聯合報1965年2月16日08新藝:看金玉奴

【夫于】
「金玉奴」這部影片很好。樂蒂演的好,趙雷演的好。其他搭配得紮實,編導都見功夫。

從這可以看出,男人原是要男人演。男人演女人是邪門,女人演男人到底是左道。若非看女扮男才過癮,難免變態。

從這可以看出,演黃梅調人物不必走台步和作身段,舞台上那套留在舞台上用吧!穿長袍不妨邁方步,古時女孩或者愛翹手指頭,卻不是撩袍端帶或蘭花手那一套。動作說白全自自然然的比什麼都好。若看電影竟以小生靴子底的厚薄,論腳底功夫,才是胡桃眼兒,瞎辦!

從這可以看出,拍電影不必啃住一個死故事,不必咬定前人的看法想法,尤其舊劇裏的一套。這個故事在平劇,錯兒是全推給莫稽一人,得中後有三報,小生出三種臉色,嫌棄貧賤純是他個人心理變化。在江上是親手推玉奴落水,是真正的謀殺。而這部電影既引進一個店家,又拍出妓院中和請客時的兩場。把原是一人心中的疑慮落實,顯然是在開脫這個讀書人的罪過。戲被推開,卻也勾劃出一群讀書人的缺德勁兒,那些進士的老婆都和妓女一樣口吻。也許真的展示出哪個年代都有不夠人味兒的。至於江上教金玉奴自盡,一面表示窮家女兒的甯折不彎,也給喜劇收場留下貼情的後步。確實比舊劇高明。

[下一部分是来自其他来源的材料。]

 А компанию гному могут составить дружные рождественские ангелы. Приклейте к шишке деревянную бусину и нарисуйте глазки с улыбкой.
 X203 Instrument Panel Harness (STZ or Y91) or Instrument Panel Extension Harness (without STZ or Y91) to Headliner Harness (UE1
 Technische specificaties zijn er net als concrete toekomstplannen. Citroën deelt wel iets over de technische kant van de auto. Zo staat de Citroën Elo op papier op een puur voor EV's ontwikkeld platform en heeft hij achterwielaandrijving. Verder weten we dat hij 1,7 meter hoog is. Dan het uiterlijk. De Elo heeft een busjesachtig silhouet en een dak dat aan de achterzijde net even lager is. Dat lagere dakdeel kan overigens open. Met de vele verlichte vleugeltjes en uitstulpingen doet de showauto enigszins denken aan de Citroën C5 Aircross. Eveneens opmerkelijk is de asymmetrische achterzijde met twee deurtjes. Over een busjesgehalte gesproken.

從這可以看出,歌劇的唱詞必須近乎口語。或者有人認為大白話通俗。其實斯文也值不了幾個錢。因為古人說話也不會咬文嚼字,整天冒酸氣。看電影更不必帶著韻書,找唱詞兒押哪個韻。聽著不順耳就不愛聽才是真的。現在黃梅調電影,將故事的敘述已經放到場外去唱。而口裏說的和心裏想的卻仍由劇中人唱。這樣對沒有聽慣舊劇的人容易造成混淆。像樂蒂在船上暗自傷心的一段,以為她祇是心裏想,其實是在叨念。不如把心裏想的詞兒一併推到場去外。落個清楚明白。

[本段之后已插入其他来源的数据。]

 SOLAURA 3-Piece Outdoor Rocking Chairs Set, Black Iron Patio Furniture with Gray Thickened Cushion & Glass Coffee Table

從這可以看出,嘴拉著長腔作表情很難。隨著唱詞兒將心裏的瞬息變化停在臉上,很容易出尷尬相。弄得哭不像哭,笑不像笑。樂蒂似乎已抓到這竅門兒,眼神、嘴形都能作到好處。趙雷便像差著一層。有時得加進些搖頭腦的動作,才能掩飾呆板。不過,樂蒂等眼淚流到鼻子上再去擦的手法,還顯著假氣。

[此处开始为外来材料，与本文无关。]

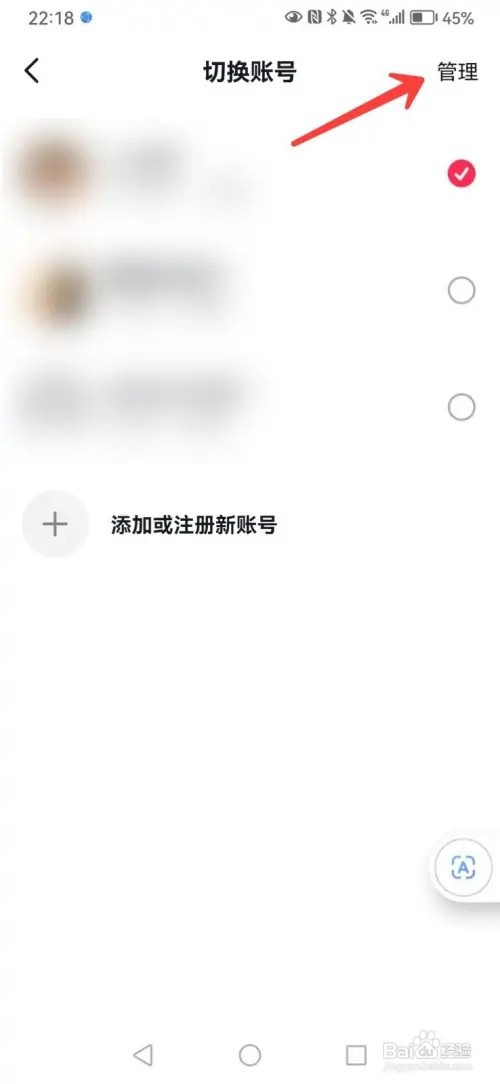 2/3在切换账号的页面里点击管理。
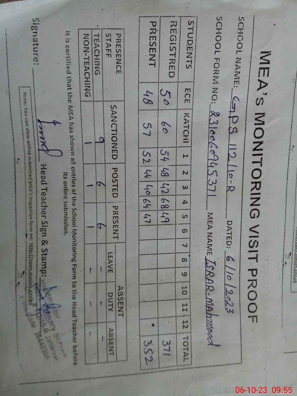 | Attendance Register | Head Teacher | MEA with School | Visit Proof |
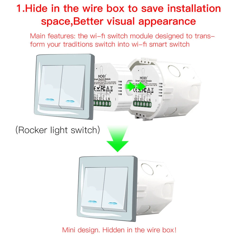 MOES WLAN RF433 Smart Lichtschalter Unterputz Relais Modul Alexa Google Tuya App 【 Arbeitet mit Original-Schalter 】 Dieses intelligente WLAN-Modul mit Mini-Design eignet sich für die EU/UK-Wandschaltbox und versteckt es einfach in Ihrer versteckten Wandschaltbox Ihres traditionellen Schalters, ohne Ihren ursprünglichen Dekorationsstil zu beeinflussen, Noch wichtiger ist, dass Ihr herkömmlicher Schalter und dieses Smart-Modul unabhängig voneinander im nicht störenden Modus arbeiten können.Kann nicht nur Ihr Licht/Gerät intelligent machen, es ermöglicht Ihnen auch, Ihre ursprüngliche Schalter-Handsteuerung zu behalten. 【 1/2 Weg 】 Erzielen Sie eine Mehrfachsteuerung durch die Zuordnung zu anderen Smart Switches in der Smart Life App, neben einem eigenen Modul, das als 1/2-Wege-Schaltung verwendet wird (2 Schalter steuern 1 Licht). Unterstützt RF433-Fernbedienung (Code 1527 verwenden) 【 App-Steuerung und Sprachsteuerung 】 Steuerung mit Ihrem Smartphone über die Smart Life/Tuya-App ohne separaten Hub. kompatibel mit Alexa und Google Home; Fernsteuerung von Geräten mit Ihrem Smartphone, auch wenn Sie nicht zu Hause sind; Speicherfunktion zum Ausschalten verfügbar. 【 Timing-Funktion 】 Übernehmen Sie mit der App die volle Kontrolle über angeschlossene Geräte mit Timern, Zeitplänen und Countdowns (1/5/30 Minuten, 1 Stunde usw.); Teilen Sie die Kontrolle mit Familie und Freunden für zusätzlichen Komfort. 【 Achtung 】 In Ihren Schaltkästen ist ein Neutralleiter erforderlich , um korrekt zu funktionieren; unterstützt nur 2,4-GHz-Netzwerke;Bei Fragen können Sie sich gerne an uns wenden. Paketliste : 1* MOES Wlan+RF Smart Lichtschalter Modul 1* Benutzerhandbuch Zahlung Versand Rückgaben Bewertungen Kontaktiere uns Zahlung Wir akzeptieren nur von eBay angeforderte Zahlungsmethoden. Sie können sofort nach Auktionsende oder nach Abschluss der Einkäufe zur Kasse gehen und bezahlen. Wenn Sie Probleme mit der Zahlung haben, kontaktieren Sie uns bitte per eBay-Nachricht. Versand 1.Bitte erlauben Sie bis zu 48 Stunden für die Versandvereinbarung nach bestätigter Zahlung. Wir versenden Artikel nur an die eBay-Adresse. Wir haften nicht für Verluste aufgrund falscher oder unzustellbarer Lieferadressen. 2 .Der Versand dauert in der Regel 2-5 Werktage (EU-Warenlager) oder 8-15 Werktage (Lager außerhalb der EU), Samstag und Sonntag ausgeschlossen. Wenn Sie den Artikel dringend benötigen, kontaktieren Sie uns bitte vor dem Kauf für Einzelheiten. 3.Wir bieten keinen Abholservice im Geschäft an, ich hoffe, Sie können das verstehen. Rückgaben 1.Wenn Sie mit unseren Produkten nicht zufrieden sind. Bitte kontaktieren Sie uns, bevor Sie die Rücksendeanfrage öffnen. Wir bieten eine 30-tägige Geld-zurück- oder Umtauschgarantie. 2.Bitte kontaktieren Sie uns für die RMA-Nr. und Adresse, bevor Sie den Artikel zurücksenden. Bewertungen 1. Bitte kontaktieren Sie uns, bevor Sie ein neutrales oder negatives Bewertungen hinterlassen. Wir würden unser Bestes versuchen, um Ihnen bei der Lösung des Problems zu helfen. Bitte erlauben Sie uns, Ihre E-Mail innerhalb von 24 Stunden zu beantworten. 2 . Wir werden den Service so gut wie möglich erbringen🥰, denn das Bewertungen und ist das, wonach wir streben. Bitte senden Sie mir eine E-Mail über "Meine Nachrichten" oder "Verkäufer kontaktieren", wenn Sie Fragen zu unseren Angeboten oder Ihrem Kauf haben. Kontaktiere uns 1. Bitte kontaktieren Sie uns, wenn Sie mit dem Artikel nicht zufrieden sind, nachdem Sie ihn erhalten haben. Kontaktieren Sie uns einfach über den Link "Dem Verkäufer eine Frage stellen " auf eBay. 2. Alle Antworten werden an Ihre E-Mail-Adresse gesendet. Wenn Sie innerhalb von 1-2 Werktagen keine Antwort erhalten, überprüfen Sie bitte Ihre "Meine Nachrichten" , falls Ihr E-Mail-Anbieter einen übermäßig aggressiven Spam-Filter hat, der E-Mails von eBay blockiert. Bitte senden Sie uns WIEDER eine E-Mail. Danke!
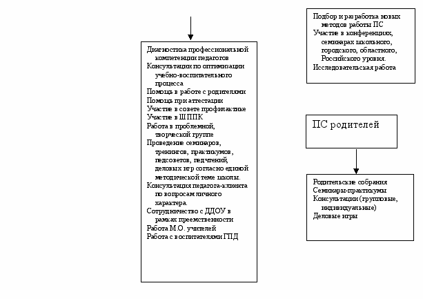 - Психологическое сопровождение педагогического процесса: повышение психологической культуры педагогов, семинары, семинары-практикумы, деловые игры и тренинги, педсоветы, диагностический аспект по актуальным темам. Родительские семинары.
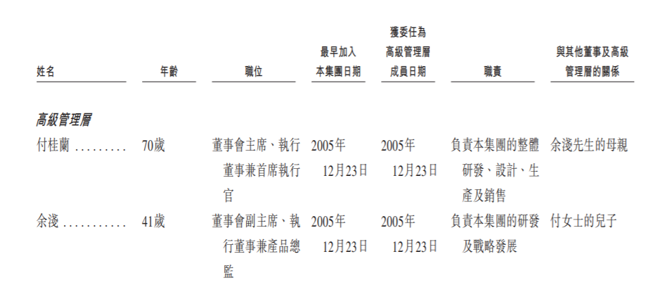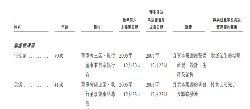 付桂蘭,1955年7月出生,現(xiàn)年70歲,自2005年12月起擔任公司董事會主席,并于2025年9月19日獲調(diào)任為執(zhí)行董事兼首席執(zhí)行官。她主要負責集團的整體研發(fā)、設計、生產(chǎn)及銷售。

從這可以看出,一部電影必須搭配得好。單是靠大牌兒很難叫座。「金玉奴」裏不但金老丈,店家作得夠樣。就連小李、高陞、巡按、甄大人,甚而只有幾句說白的丫環都不爭不搶,作得很到家。值得看。

有些觀眾認為棒打的一場,打得不夠狠,其實是不夠真切。這是怨沒有拔淨舊劇的毒。在舊劇都是只作個打的樣兒嘛!